Crazy Taxi IRL Proposal Here is the website where the data is obtained: http://www.nyc.gov/html/tlc/html/about/trip_record_data.shtml Github: https://github.com/agentturbo1/Crazy-Taxi-IRL Proposal specs: http://datasciencecourse.net/2018/project/ Basic info Names: Lukas Gust Omar Hussain UID’s: u0936790 u0847356
E-mails: [email protected] [email protected]

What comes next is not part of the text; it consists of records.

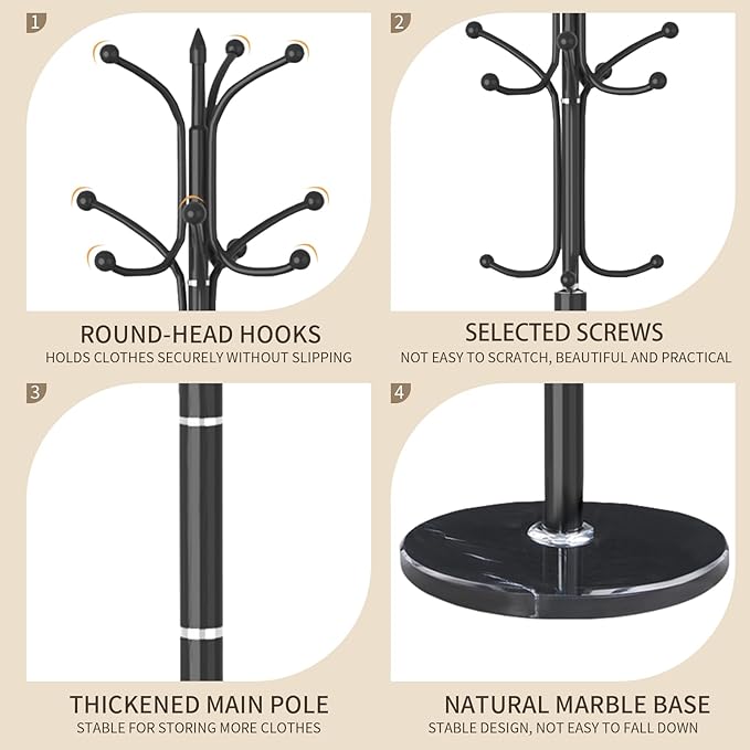 - 100% NATURAL MARBLE BASE:This coat rack freestanding is made of 100% natural marble. Carefully selected natural marble, each piece has a unique vein carved by nature (not a quality issue). This base is capable of supporting 180LBS, hanging heavy winter coats and briefcases very firmly without wobbling
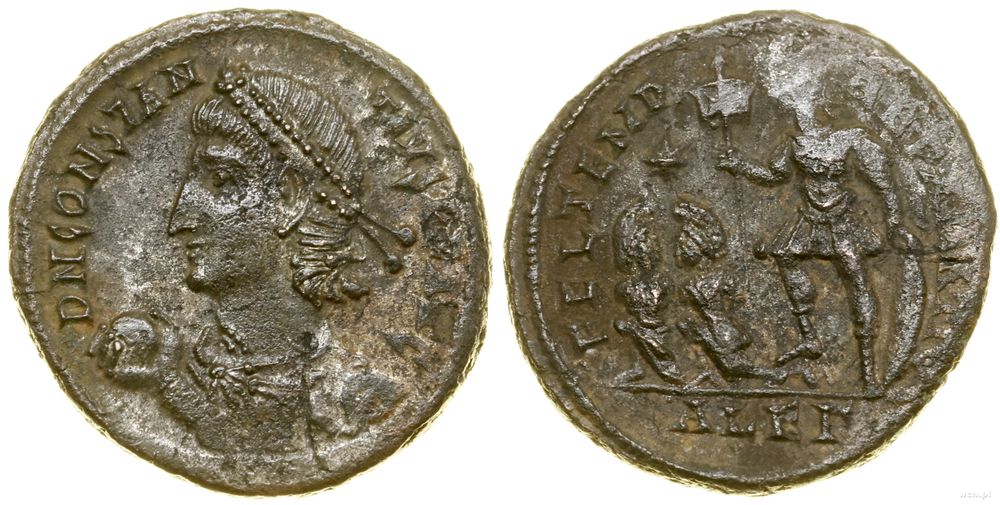 | Opis: | Cesarstwo Rzymskie - Konstancjusz II (324–361), follis, (348–350), Aleksandria, Aw: Głowa cesarza w lewo, D N CONSTANTIVS P F AVG; Rw: Cesarz w stroju wojskowym, trzymający tarczę i sztandar u jego stóp dwaj jeńcy, FEL TEMP REPARATIO / ALEΓ |
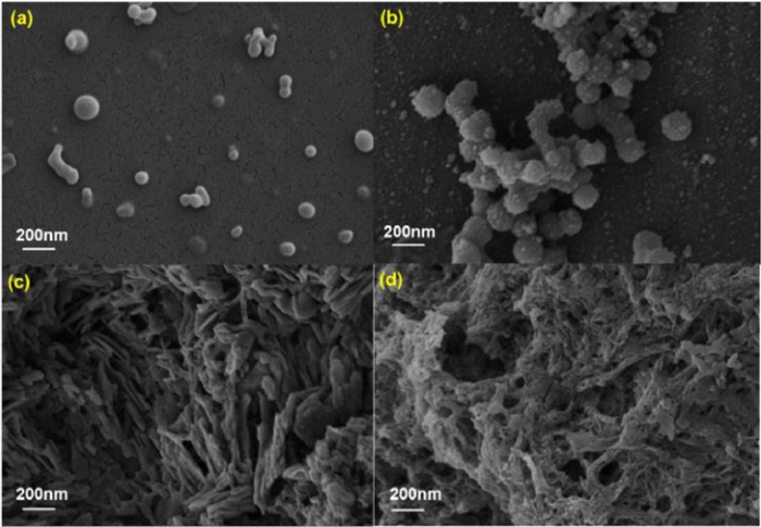 | Fig. 5. SEM images showing the morphology of (a) BPN1; (b) BPN1+ Cr2O72−; (c) BPN1+ 2Cr2O72−; (d) BPN1+ 3Cr2O72−. | |
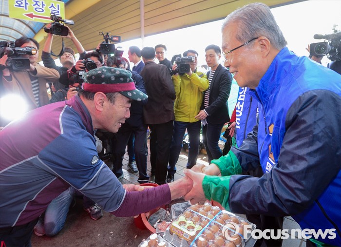 (전주=포커스뉴스) 1일 오전 전북 전주 모래내시장을 방문한 김종인 더불어민주당 비대위 대표 겸 선대위원장과 김성주 전주병 후보가 상인들과 인사하며 지지를 호소하고 있다.
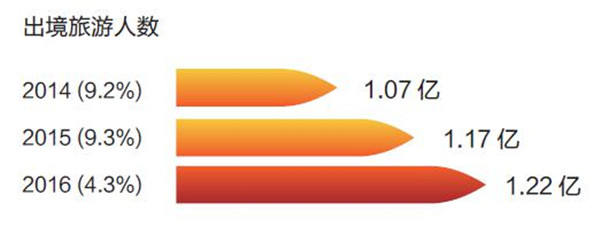 截至2017年1月,持中國普通護照可以有條件免簽或落地簽前往的國家和地區(qū)已達61個,相比去年同期增加9個。隨著2016年中國護照的含金量大幅提升、收入增長和旅游消費升級推動等因素影響下,我國繼續(xù)蟬聯(lián)全球出境旅游人次世界冠軍。據(jù)了解,中國已經(jīng)成為泰國、日本、韓國、越南、俄羅斯、馬爾代夫、英國等多個國家的第一大入境旅游客源地。然而,每年只有不到全國人口10%的公民參與出境游,擁有出境證件的國人只占總?cè)丝诘?0%,可見出境游發(fā)展依然潛力無窮。

Background/Motivation Taxis are a part of many New Yorker’s daily lives. We thought that it would be interesting to analyze data entries from NY taxis and find interesting relationships that may be lurking under the surface. There may be interesting inferences that can be made to make taxi user’s or taxi driver’s lives better. In addition to this, it can be useful to preemptively find where someone is travelling based only on their starting location and current conditions. Using predictive planning, routes can be chosen earlier to maximize efficiency and clear some traffic. Project Objectives The first objective of the project is to find correlations in the taxi data. These correlations can be used to make models, and the models can be used to predict outcomes, e.g. finding end location based on starting location, time, and date. Last, it must be asked if any of the correlations that are found are useful for the taxi industry. Regardless of this, the findings will be presented in an easy to understand manner. Find correlations between certain laws passed about drunk driving and see if there is an increase in taxi uses.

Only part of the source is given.